» **Your assignment**
What you return should be only the lines in the entries below between the one holding "faaliyetler ile değerlendirilir." and the one holding "Paso a paso: Se", ends included, with every picture left out.

--- Data provided Enclosed Below ---

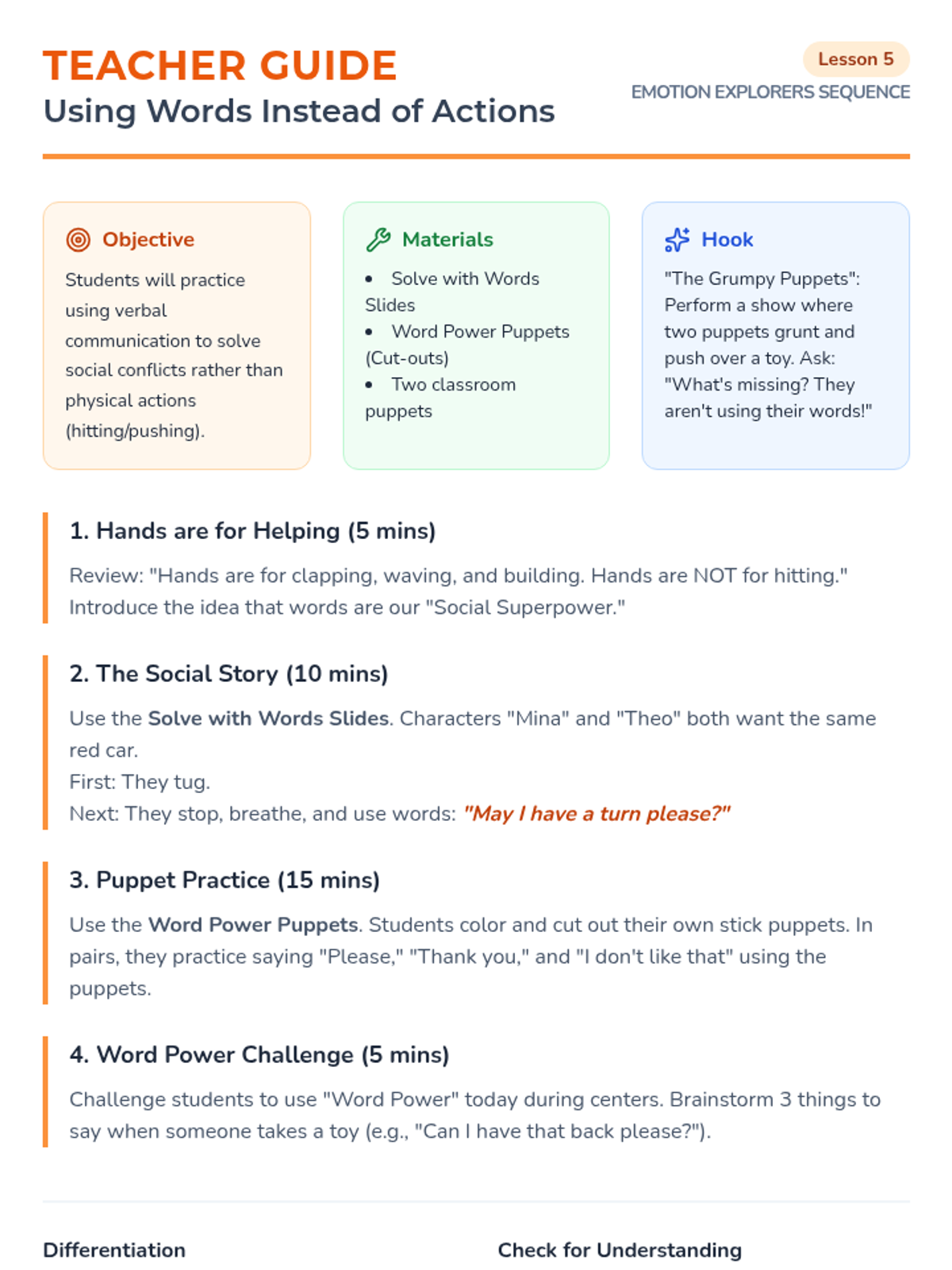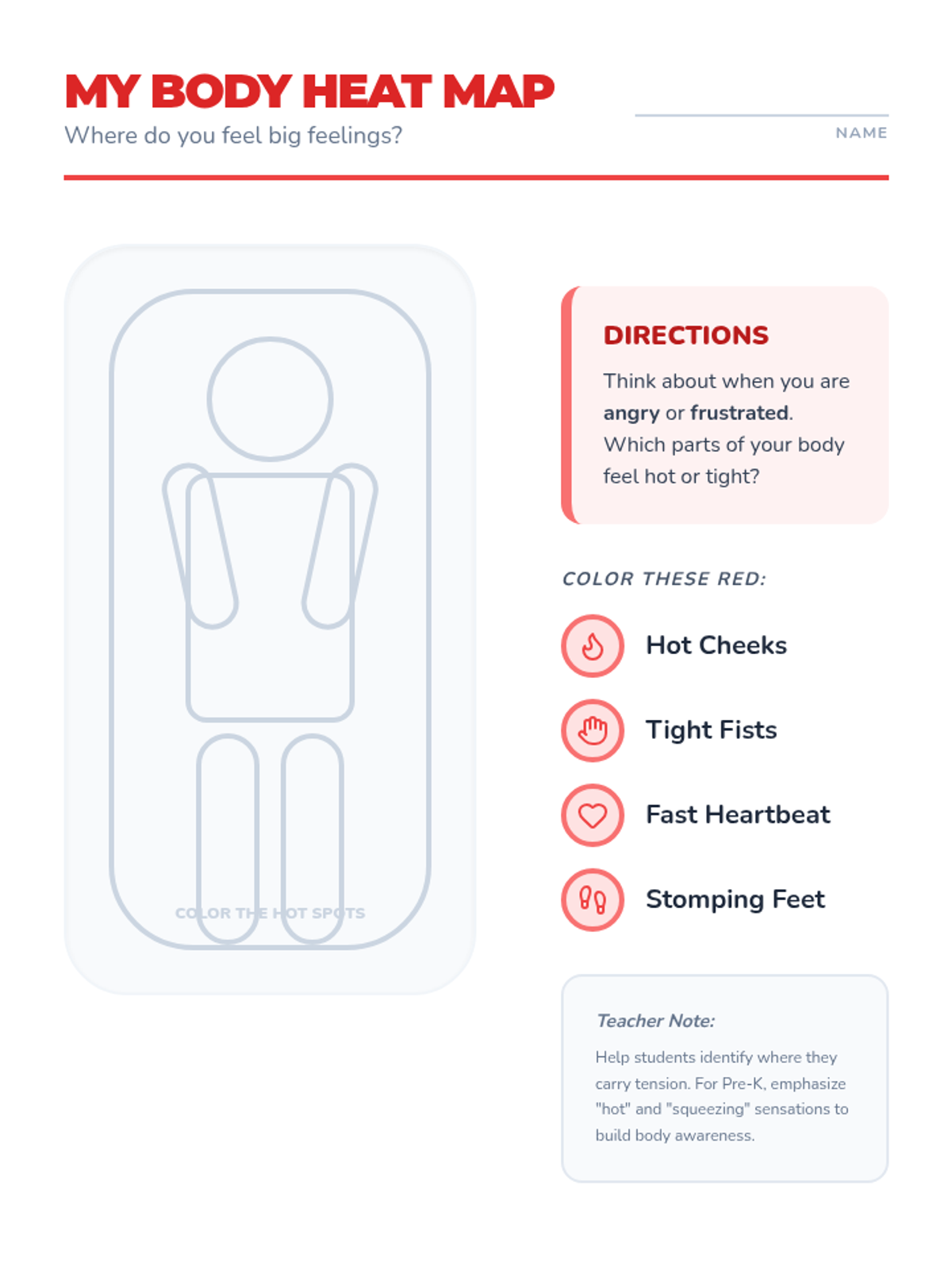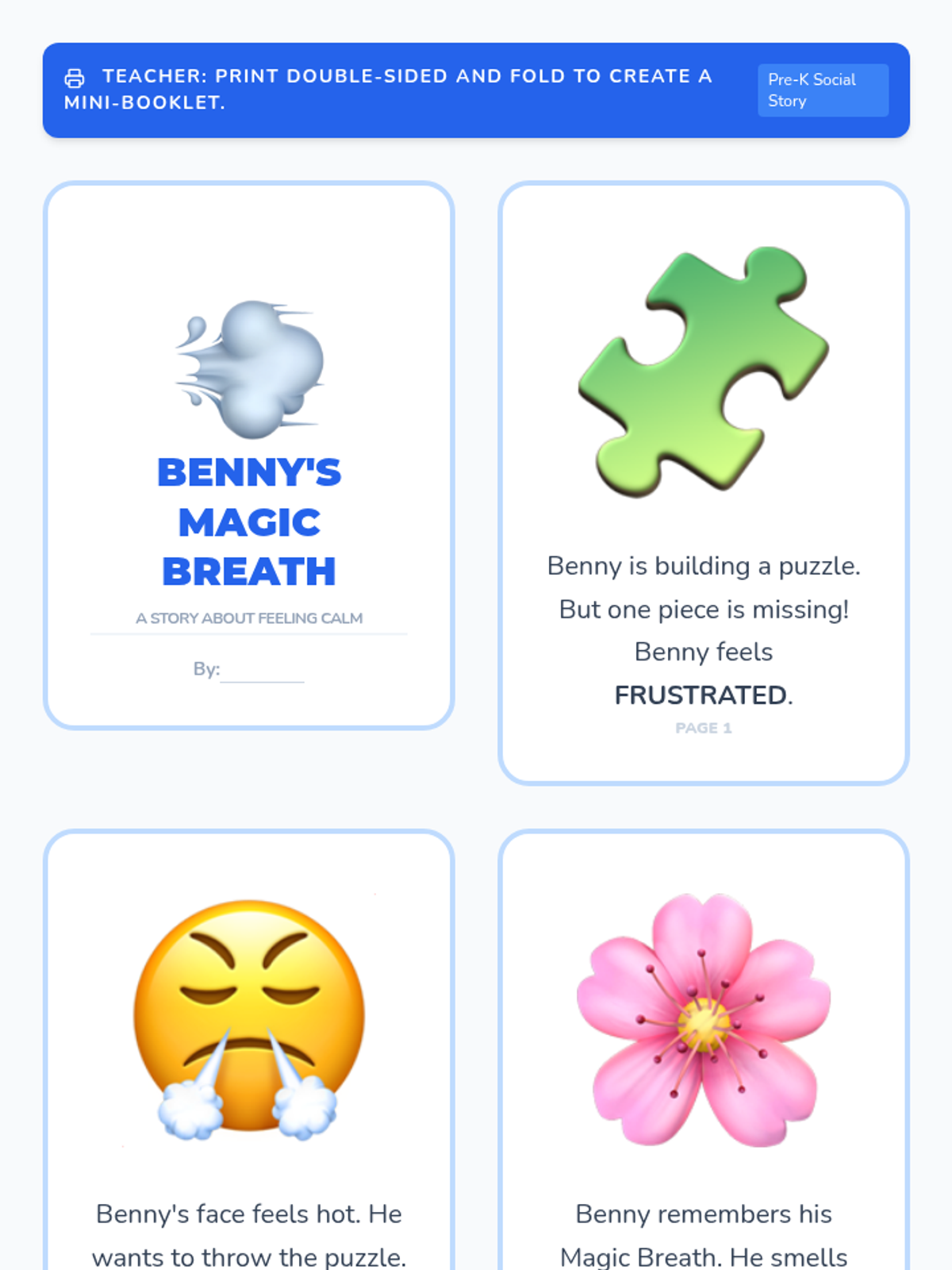 A 5-lesson unit for Pre-K students focused on emotional literacy and self-regulation. Students learn to identify emotions (happy, sad, angry), recognize body sensations, and utilize positive behavior supports like deep breathing and requesting breaks through personalized social stories.
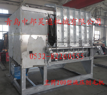 優(yōu)點(diǎn):不銹鋼外殼,鍍鋅框架,10mm厚的國標(biāo)材質(zhì);操作方便、省力;運(yùn)作穩(wěn)定,無振動(dòng)感;打毛速度快,打毛率高,且價(jià)格便宜,不受重量的限制,不僅外觀比直筒200型的漂亮,出豬處有擋板,防止了污水的飛濺,恰到好處的結(jié)構(gòu)使出豬更流暢。適合于小型屠宰廠(場)使用。
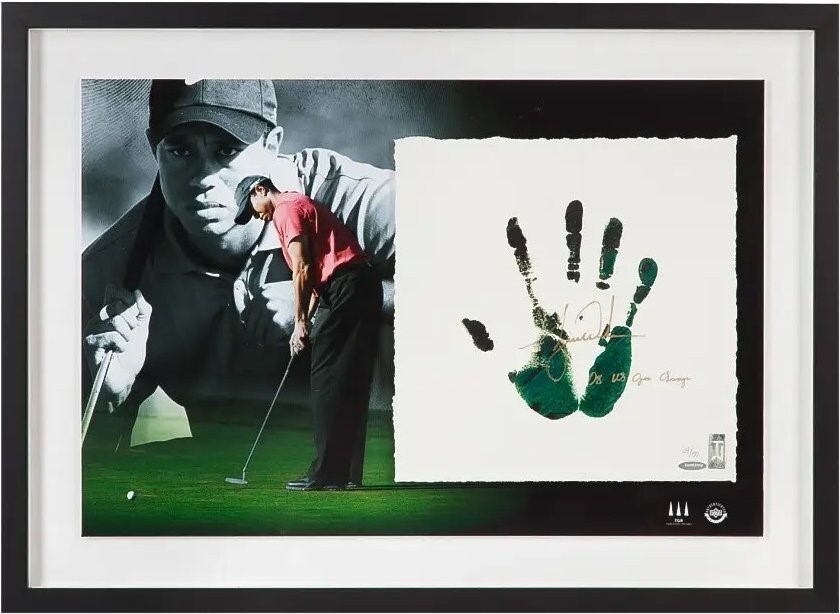 Tiger Woods Autographed Tegata Lithograph Inscribed Green & Black 1/50 UDA Signed by Tiger Woods
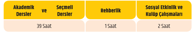 • Cumartesi günleri ise ihtiyaçlar ve planlamalar dahilinde etütler, ek dersler, pekiştirmeler, soru çözümleri, tarama / deneme sınavları veya sosyal aktivite ve sportif faaliyetler ile değerlendirilir.
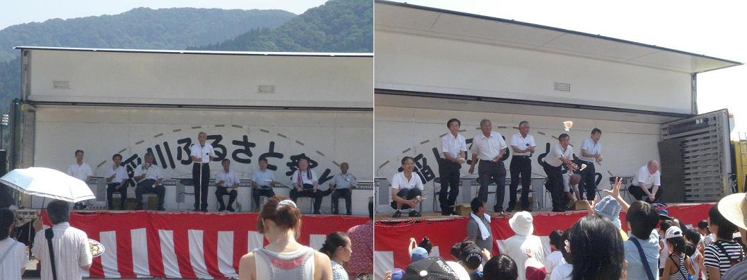 市長の挨拶や、お祭りには欠かせない餅まきも行われ、一気にお祭りムードが高まりました。
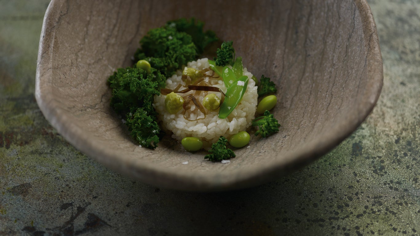 Paso a paso: Se lava el arroz suavemente en un baño de agua fría hasta que el agua salga transparente. Escurrido, se mete en la vaporera de arroz para sushi cubriéndolo medio centímetro por encima con el agua. Una vez hecho, se rompe con el dorso de una cuchara para que se temple y se rocía con el vinagre de arroz, manteniéndolo tibio. Para el aguacate, se bate a máxima potencia la pulpa de aguacate bien maduro junto con el chile, el zumo y la sal. Se va añadiendo el aceite de oliva en hilo fino, por la boca de la batidora, para que vaya emulsionando. Se rectifica de sal y pimienta y se refresca. Para la vinagreta, se calienta ligeramente la miel en el microondas buscando que se funda y se mezcla con el resto de ingredientes, rectificando de sal. Para las verduras, se coloca una olla con abundante agua al fuego y, cuando arranque el hervor, se añade un pellizco de sal. Se hierven por separado, y durante un minuto, las judías, el brécol y las hojas rizadas de col, y se refrescan en un baño de agua helada con sal. Se rehidrata el alga wakame en agua tibia unos minutos, y en el momento en el que esté flexible, se escurre y se corta sobre la tabla en tiras finas, con ayuda de un cuchillo muy afilado. En el fondo de un bol, se coloca una buena cantidad de arroz blanco cocido, bien regado con la vinagreta. Se embadurnan las verduras escurridas con una pizca de aceite de oliva y sal y se posan sobre el arroz, armoniosamente. Y para terminar, se colocan unos puntos de la crema de aguacate, con generosidad, y listo.
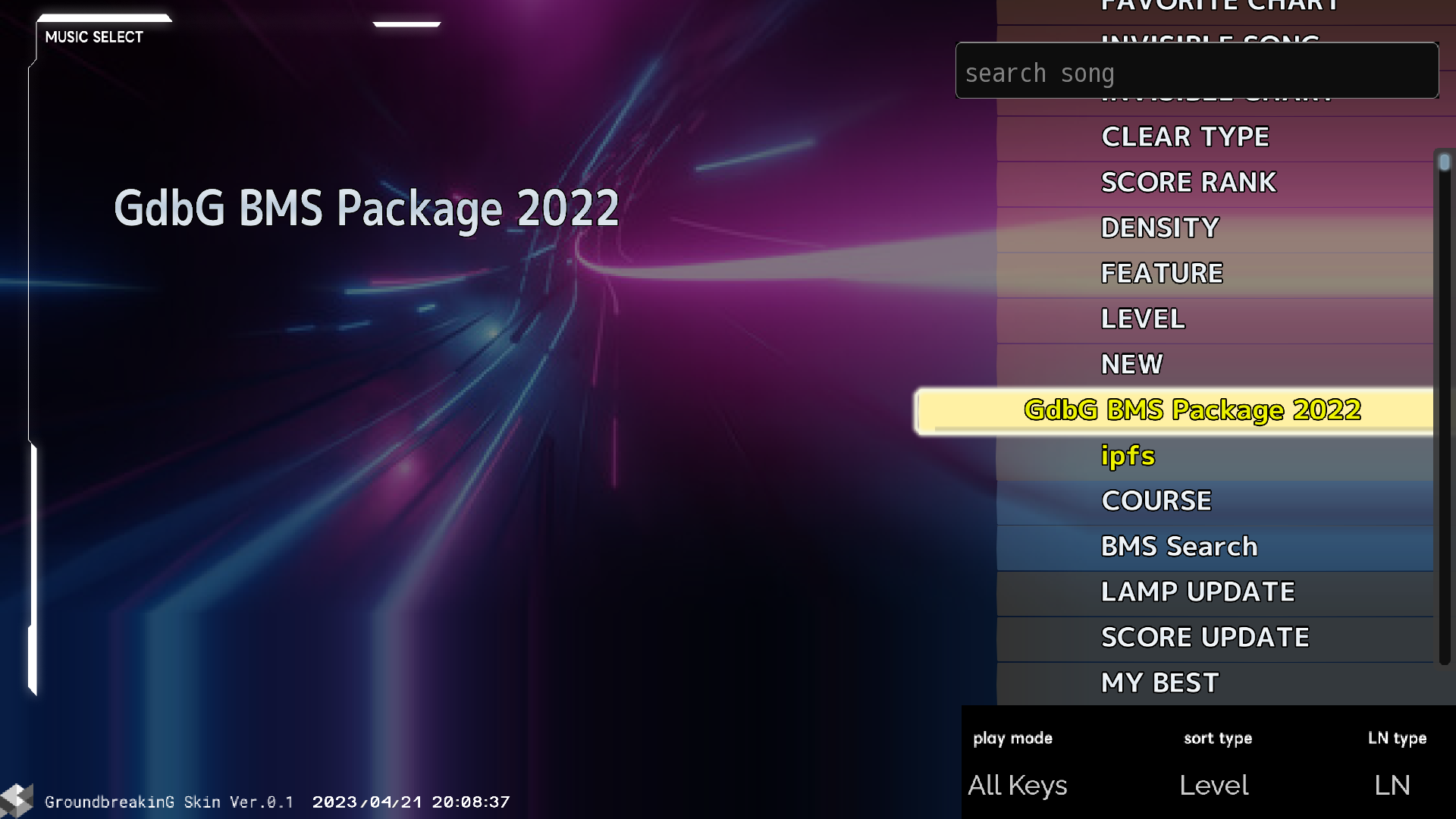 - BMSを「Z」キーで選択するとプレイが可能です。

--- End of Enclosed Data provided ---

» **Exercise result**
 • Cumartesi günleri ise ihtiyaçlar ve planlamalar dahilinde etütler, ek dersler, pekiştirmeler, soru çözümleri, tarama / deneme sınavları veya sosyal aktivite ve sportif faaliyetler ile değerlendirilir.
 市長の挨拶や、お祭りには欠かせない餅まきも行われ、一気にお祭りムードが高まりました。
 Paso a paso: Se lava el arroz suavemente en un baño de agua fría hasta que el agua salga transparente. Escurrido, se mete en la vaporera de arroz para sushi cubriéndolo medio centímetro por encima con el agua. Una vez hecho, se rompe con el dorso de una cuchara para que se temple y se rocía con el vinagre de arroz, manteniéndolo tibio. Para el aguacate, se bate a máxima potencia la pulpa de aguacate bien maduro junto con el chile, el zumo y la sal. Se va añadiendo el aceite de oliva en hilo fino, por la boca de la batidora, para que vaya emulsionando. Se rectifica de sal y pimienta y se refresca. Para la vinagreta, se calienta ligeramente la miel en el microondas buscando que se funda y se mezcla con el resto de ingredientes, rectificando de sal. Para las verduras, se coloca una olla con abundante agua al fuego y, cuando arranque el hervor, se añade un pellizco de sal. Se hierven por separado, y durante un minuto, las judías, el brécol y las hojas rizadas de col, y se refrescan en un baño de agua helada con sal. Se rehidrata el alga wakame en agua tibia unos minutos, y en el momento en el que esté flexible, se escurre y se corta sobre la tabla en tiras finas, con ayuda de un cuchillo muy afilado. En el fondo de un bol, se coloca una buena cantidad de arroz blanco cocido, bien regado con la vinagreta. Se embadurnan las verduras escurridas con una pizca de aceite de oliva y sal y se posan sobre el arroz, armoniosamente. Y para terminar, se colocan unos puntos de la crema de aguacate, con generosidad, y listo.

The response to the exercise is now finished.